- Instructions to follow:
Reproduce exactly the lines below from the one containing "交易策略:7.18691上方看涨,目标7.20084  7.20669" through the one containing "BAJU KOKO PUTIH", including both, and nothing else.

- Data listing:
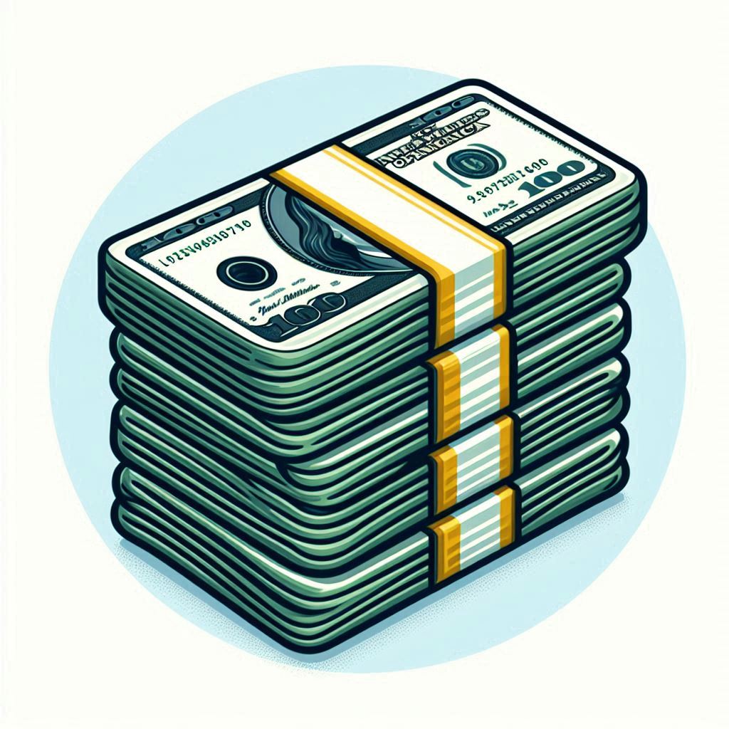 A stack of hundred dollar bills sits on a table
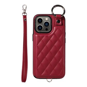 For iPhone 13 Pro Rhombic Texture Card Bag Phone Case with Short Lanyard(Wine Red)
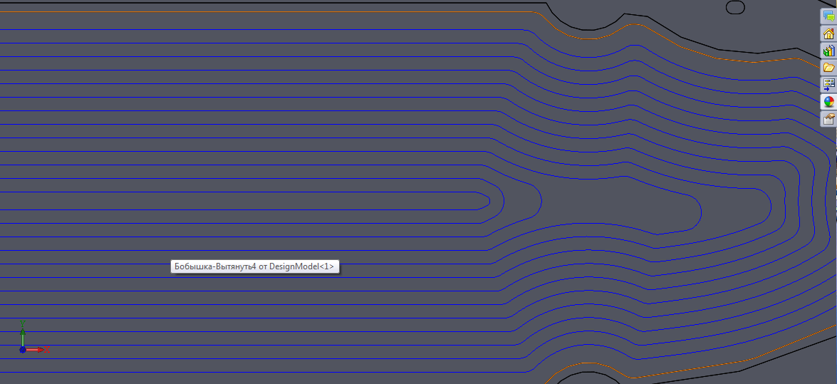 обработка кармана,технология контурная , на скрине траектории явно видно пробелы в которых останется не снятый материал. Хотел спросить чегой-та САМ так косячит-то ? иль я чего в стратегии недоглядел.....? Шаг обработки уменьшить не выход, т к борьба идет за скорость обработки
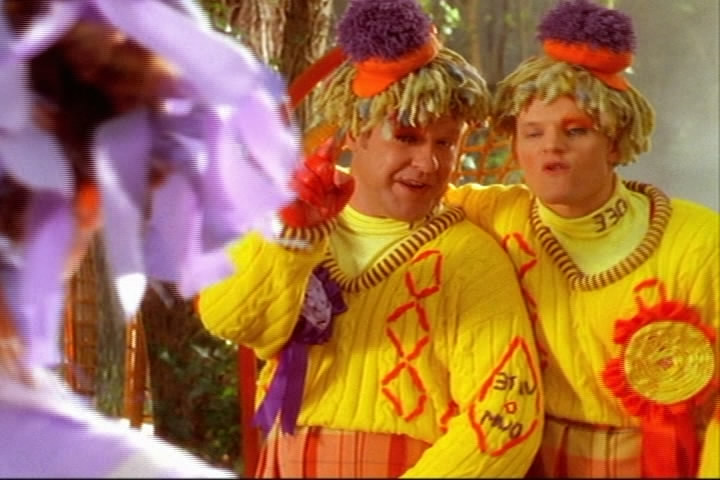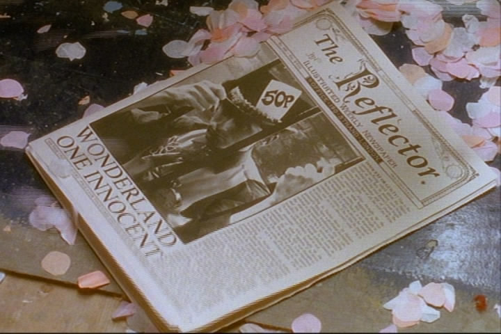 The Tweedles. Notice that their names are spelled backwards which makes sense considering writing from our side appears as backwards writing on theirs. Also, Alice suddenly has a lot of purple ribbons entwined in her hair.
==
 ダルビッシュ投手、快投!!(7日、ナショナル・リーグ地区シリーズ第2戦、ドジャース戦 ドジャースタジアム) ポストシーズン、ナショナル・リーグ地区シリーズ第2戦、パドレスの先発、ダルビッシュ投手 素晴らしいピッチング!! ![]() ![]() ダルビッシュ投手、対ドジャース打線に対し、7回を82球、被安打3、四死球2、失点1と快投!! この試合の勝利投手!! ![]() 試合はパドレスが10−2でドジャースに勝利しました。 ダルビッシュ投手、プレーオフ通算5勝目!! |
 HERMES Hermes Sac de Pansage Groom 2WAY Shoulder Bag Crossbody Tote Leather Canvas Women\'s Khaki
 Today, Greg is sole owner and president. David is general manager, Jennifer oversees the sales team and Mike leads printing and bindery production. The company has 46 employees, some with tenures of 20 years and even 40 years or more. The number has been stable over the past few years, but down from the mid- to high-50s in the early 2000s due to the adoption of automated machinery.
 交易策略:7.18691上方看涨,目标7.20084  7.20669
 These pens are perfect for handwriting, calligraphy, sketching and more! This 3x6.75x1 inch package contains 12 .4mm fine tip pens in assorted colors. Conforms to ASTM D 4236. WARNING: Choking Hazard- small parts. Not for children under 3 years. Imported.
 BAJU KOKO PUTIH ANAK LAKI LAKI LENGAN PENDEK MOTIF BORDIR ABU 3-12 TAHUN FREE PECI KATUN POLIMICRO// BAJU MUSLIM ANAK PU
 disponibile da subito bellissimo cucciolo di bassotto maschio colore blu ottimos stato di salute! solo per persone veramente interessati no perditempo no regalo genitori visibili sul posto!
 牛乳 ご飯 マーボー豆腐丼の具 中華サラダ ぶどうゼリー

- Solution for this task:
 交易策略:7.18691上方看涨,目标7.20084  7.20669
 These pens are perfect for handwriting, calligraphy, sketching and more! This 3x6.75x1 inch package contains 12 .4mm fine tip pens in assorted colors. Conforms to ASTM D 4236. WARNING: Choking Hazard- small parts. Not for children under 3 years. Imported.
 BAJU KOKO PUTIH ANAK LAKI LAKI LENGAN PENDEK MOTIF BORDIR ABU 3-12 TAHUN FREE PECI KATUN POLIMICRO// BAJU MUSLIM ANAK PU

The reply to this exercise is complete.